104th ANNUAL MEETING

(started at 9:13 p.m.)

     ANNUAL REPORTS

     Jeff Grossman: Council secretary, minutes of 103rd Council Meeting:  Minutes approved

     Ian MacGregor: Meeting secretary gave an operatic summary of the 1996 year! Dave Stewart volunteered that it was more like a recitative!

     Kevin Crowley: Treasurer.

     Judy Ehlen: Auditing Committee.

     Suzanne Weedman: Membership Committee.

     Bill Burton: Field trips (also for John Jens: Public service).

     Constitution and Bylaws changes: Bruce Lipin

     Bradley Prizes for best and second best papers: Presented by Dallas Peck.

     Great Dane Award for best informal communication; Presented by Dallas Peck.

     Sleeping Bear Award: The question this year, “Whose who in the Zoo? Like the title of the Award either the Chair of the Committee was asleep or, on self admission, the President had forgotten to nominate a Chair of this august group.  On the basis of this gaff, Peter Stifel’s nomination of George Helz as this year’s winner of the Sleeping Bear Award was unanimously approved by the members present.  Helz tried to decline but it was noticed that he did take the teddy bear and the trophy home with him.  This now known as the default mode !

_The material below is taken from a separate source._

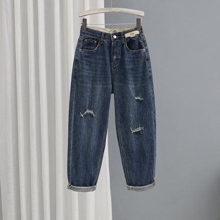 春夏高腰蓝色破洞牛仔裤女2025新款哈伦裤宽松显瘦百搭9分萝卜裤

     Nominations for Officers in 1997

     Nominations recommended by the Council on advice from the Nominating Committee were as follows:

1st Vice President & President-elect: Sorena S. Sorensen (Smithsonian)

2nd Vice President: John Carl Bohlke (USGS)

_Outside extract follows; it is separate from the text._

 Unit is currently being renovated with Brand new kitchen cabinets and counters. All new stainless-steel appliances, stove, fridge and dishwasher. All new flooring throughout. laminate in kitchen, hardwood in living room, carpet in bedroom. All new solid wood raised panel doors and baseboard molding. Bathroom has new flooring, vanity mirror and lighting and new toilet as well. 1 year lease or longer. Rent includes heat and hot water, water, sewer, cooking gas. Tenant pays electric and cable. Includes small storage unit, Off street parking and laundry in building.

Meeting Secretary: Sandra G. Neuzil (USGS)

New Councilors (2 years): Johan L. Snyder (ex. NSF), Nicholas B. Woodward (DOE), Allan Linde (DTM/CIW)

Replacement Councilors (1 year): Marylin Suitor (AGI),                                                         Carter Hearn (USGS).

     Replacement Councilors were needed to replace Dave Kuentz and Alison McFarlane.  The floor was opened to new nominations.  None were advanced and the slate was unanimously elected (note only 31 hardy members stayed till the end).

     The President thanked the outgoing Council Secretary, Jeff Grossman, and outgoing Councilors Jane Hammarstrom and Alex Speer.  In addition, he thanked the Program Committee of Mary J. Baedecker, Murray Hitzman and John Slack.

     Meeting adjourned at 10:48 p.m.